La folla ha apprezzato quel silenzio, e non soltanto perché era e resta l’unico modo per condividere Bonanni. In quel palese disimpegno risiede lo scarto – in avanti, all’indietro, di lato? – rispetto al passato. Finora il Concertone era prima pistolotto e poi musica. La versione chilometrica di Ti amo di Elio e le Storie Tese, censurata dalla Rai. I comizi di Piero Pelù, che metteva il profilattico al microfono di Vincenzo Mollica. Il combat folk dei Modena City Ramblers, l’era delle posse. La t-shirt di Daniele Silvestri con la faccia di Berlusconi mentre scandiva Il mio nemico. Gli attacchi al Vaticano di Andrea Rivera. Al Primo Maggio il cantante si faceva pienamente Masaniello e tribuno.

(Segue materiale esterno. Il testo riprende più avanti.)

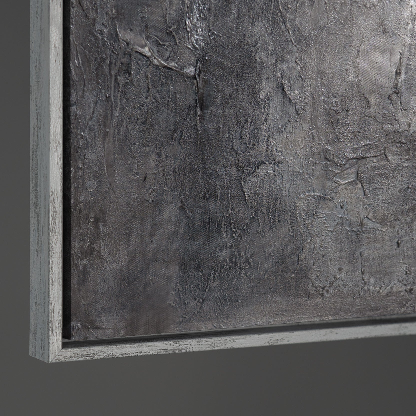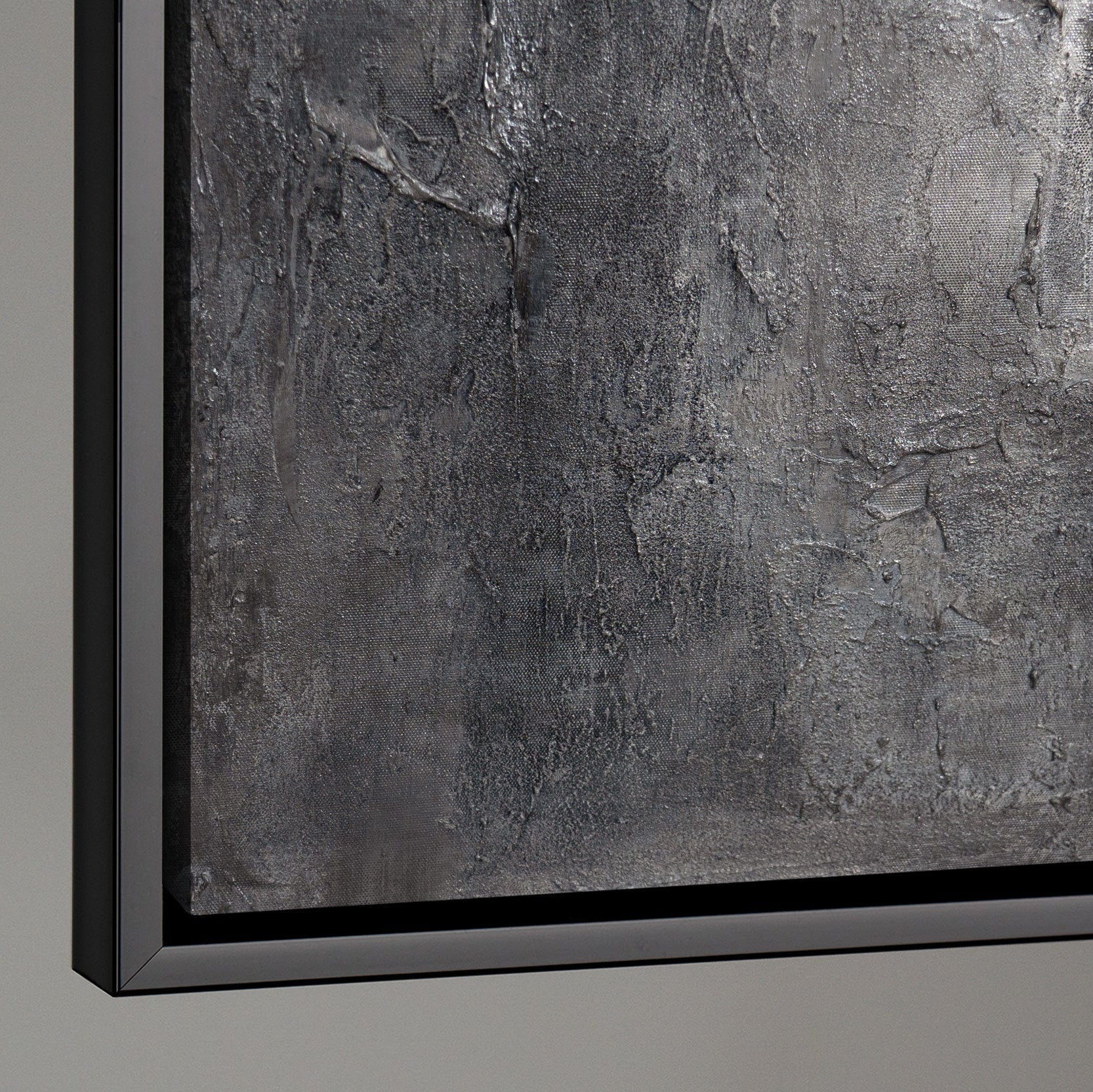 „Erinnerung des Steins“ verkörpert die stille Kraft von Zeit und Materie. In unterschiedlichen Grautönen entfalten sich raue Strukturen, die an verwitterten Stein und urbane Oberflächen erinnern. Die plastische Tiefe des handgemalten Reliefs erzeugt ein Spiel aus Licht und Schatten, das sich mit jeder Perspektive verändert.
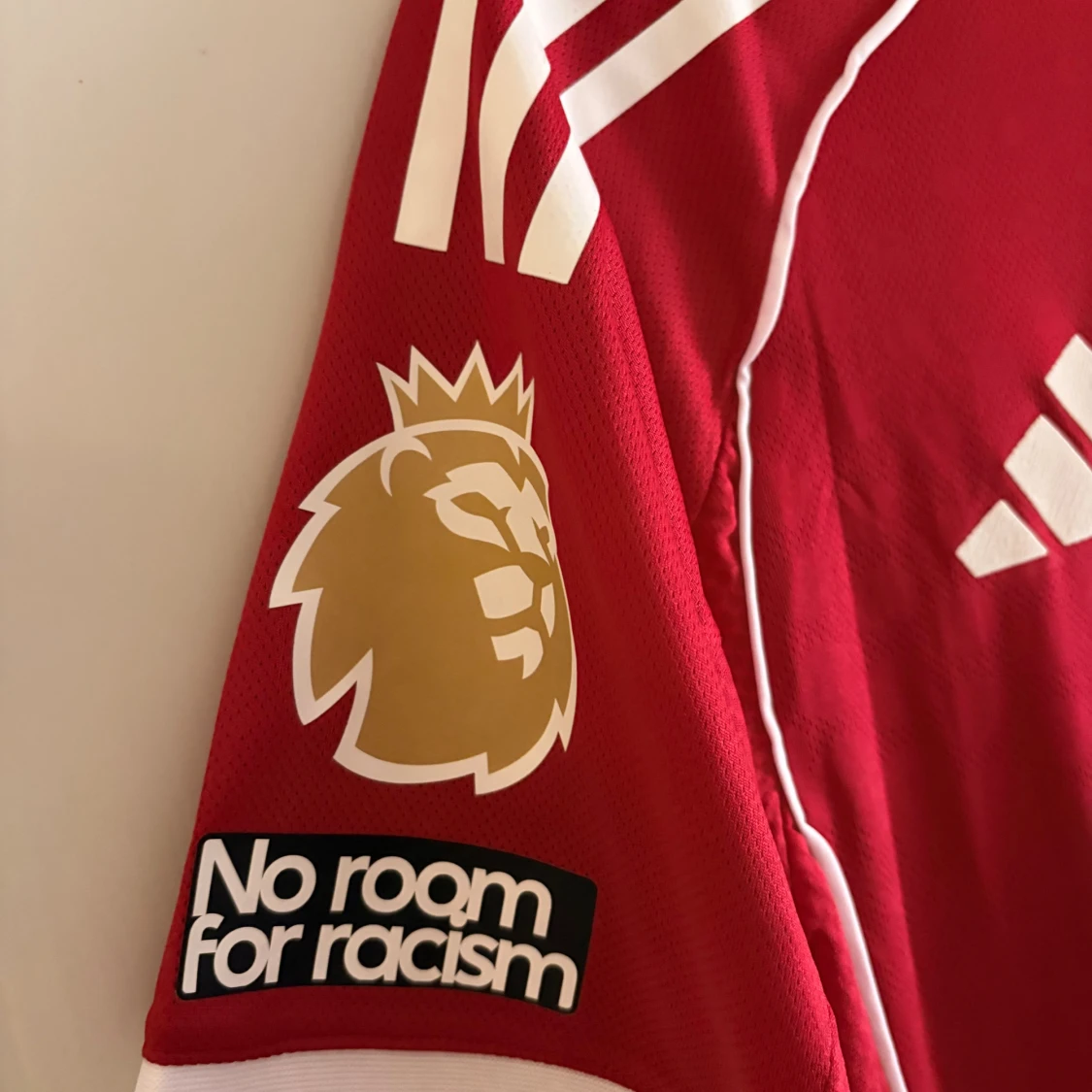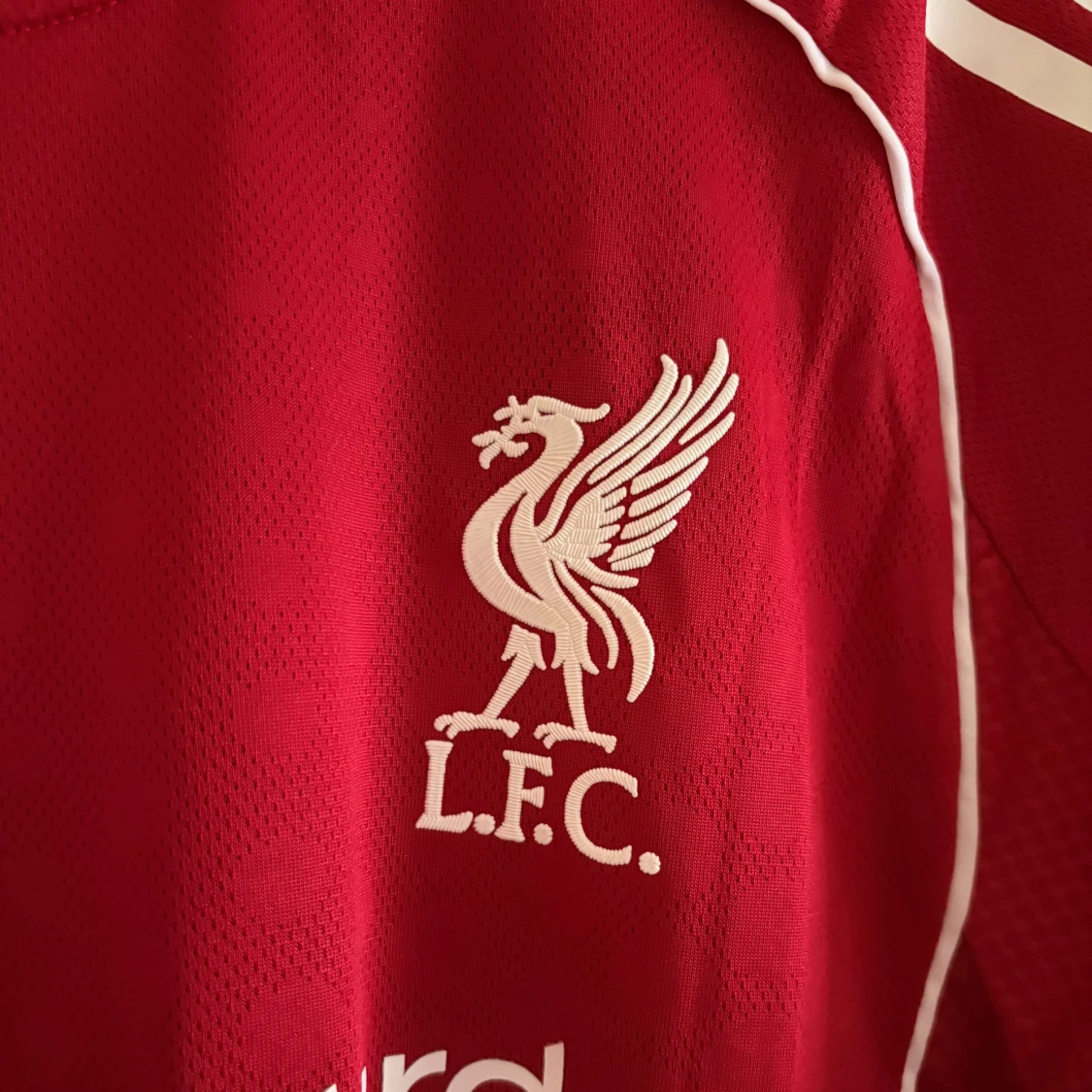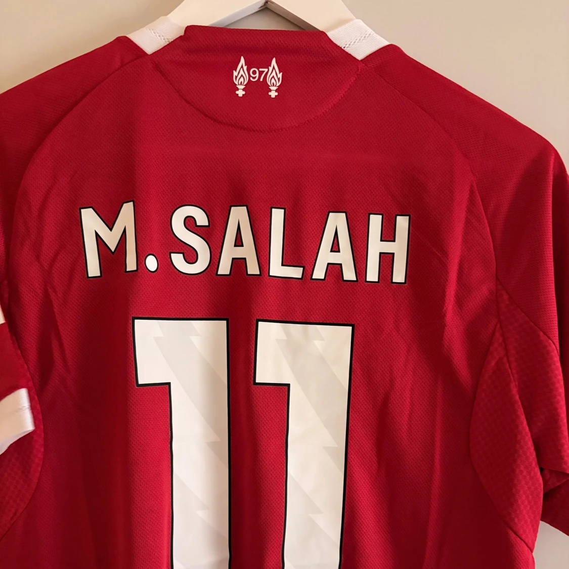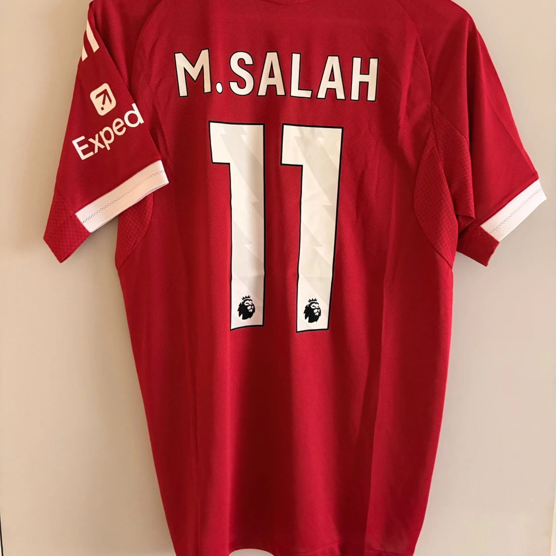 Liverpool FC matchtröja i rött med vita detaljer, Adidas-logga och klubbmärke broderat på bröstet. Nummer 11 och storlek L. Salah på ryggen, Premier League-märke på ärmen. Tillverkad i ventilerande polyester, kortärmad och med klassiska ränder på axlarna.

Adesso non più. Forse perché quel ruolo lo ricopre già Beppe Grillo. O forse perché in tempi di crisi anche i giovani precari chiedono il panem, sì, ma pure i circenses. Le bandiere rosse, i sindacati: sembrava tutto archeologico. Se Bersani sapesse accorgersi in diretta di ciò che accade, direbbe forse che anche a San Giovanni ha soffiato l’“antipolitica”. Addirittura: l’esigenza di disimpegno. Al centro del Concertone dovevano esserci “speranza, passione e futuro”, quindi la fantascienza, ma il sotto-testo dei manifestanti era: “Fateci divertire”. Per questo il più convincente è stato Caparezza, un pazzo di talento che declina la protesta in salsa obliquamente allegra. Hanno funzionato alcune cover del rock. Ha ricevuto applausi Nina Zilli, apparsa persino elegante prima di aprire bocca (e prorompere in una dizione da Sora Lella). Quando però ha azzardato un proletario “Io non sono nata ricca”, magari per ingraziarsi l’onda rossa (rossa?), c’è mancato poco che non la seppellissero con una grandinata di “sticazzi”.

Chi ha provato a uscire dal seminato musicale ha indotto involontariamente al riso (il cantante dei Nobraino, che si è rasato in un impeto caricaturale di iconoclastia), oppure non ha scaldato. A partire dai presentatori, Francesco Pannofino e Virginia Raffaele. Bravi, nei loro ambiti, ma poco coesi e fuori parte. Leggevano platealmente dal gobbo, sembravano parlare di Pink Floyd con la stessa padronanza che aveva la Gel-mini dei neutrini. E se recitavano salmi didascalicamente politicanti, come le favole rilette al tempo del governo tecnico, non ottenevano consensi. È piaciuta la lettura di Leonardo Sciascia, ha commosso il passaggio sulle morti bianche di Carlo Lucarelli: non molto altro. Il Concertone, musicalmente, è sembrato un Sanremo 2.

Politicamente non ha dato segno di sé. Come se perfino i consessi teoricamente preposti alla militanza obbligatoria non ne potessero più dei vecchi riti collettivi. Giusti o sbagliati che fossero.